━━━━━ Data for processing

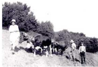
dur pour les femmes aussi

En 3 actes et 27 scènes très précisément, un gros travail des metteurs en scène et des acteurs qu'il faut souligner, différents personnages et des moments forts de la vie du village des années 1930-1970 ont été évoqués.
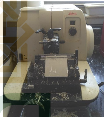
Gambar 10. Mikrotom
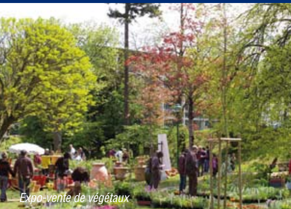
Expo-vente de végétaux
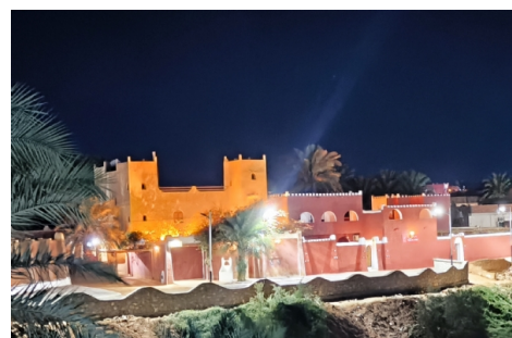
Résidence Akham, Timimoun
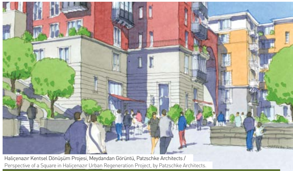
Haliçenazir Kentsel Dönüşüm Projesi, Meydandan Görüntü, Patzschke Architects / Perspective of a Square in Haliçenazir Urban Regeneration Project, by Patzschke Architects.

For the transformation process to be realized in the Golden Horn, Amplio, also integrates innovative practices and environmentally friendly production techniques that will ensure energy efficiency.
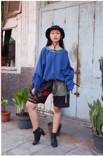
Gambar 8. Visualisasi Rancangan2 Dok. Pribadi, 2020
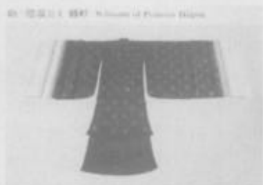
图 3 德温公主绿圆衫
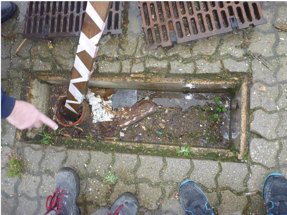
Tilsyn med afledning af overfladevand.
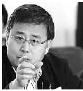
证监会主席郭树清

新华网深圳12月1日电 (记者赵瑞希)1日,在第九届中小企业融资论坛上,新任的证监会主席郭树清首次就资本市场发表公开演讲。他表示,我国资本市场存在明显缺点和不足,下一步证监会将从加强资本市场诚信建设、打击内幕交易等六个方面推进资本市场的改革创新和健康发展。 郭树清说,中国的证券期货市场还十分年轻,存在明显的缺点和不足。例如,行业和产品结构还很不完善,服务国民经济的广度和深度都需要拓展;内在约束机制还不健全,一些市场主体诚实守信、规范守法的意识相当淡薄等。 郭树清表示,这些发展过程中的问题只能在发展中得到解决。下一步,证监会将从加强资本市场诚信建设、打击内幕交易

━━━━━━━━━━

> Task details
Return the lines of the records that include the string "Gambar".

> Task answer
Gambar 10. Mikrotom
Gambar 8. Visualisasi Rancangan2 Dok. Pribadi, 2020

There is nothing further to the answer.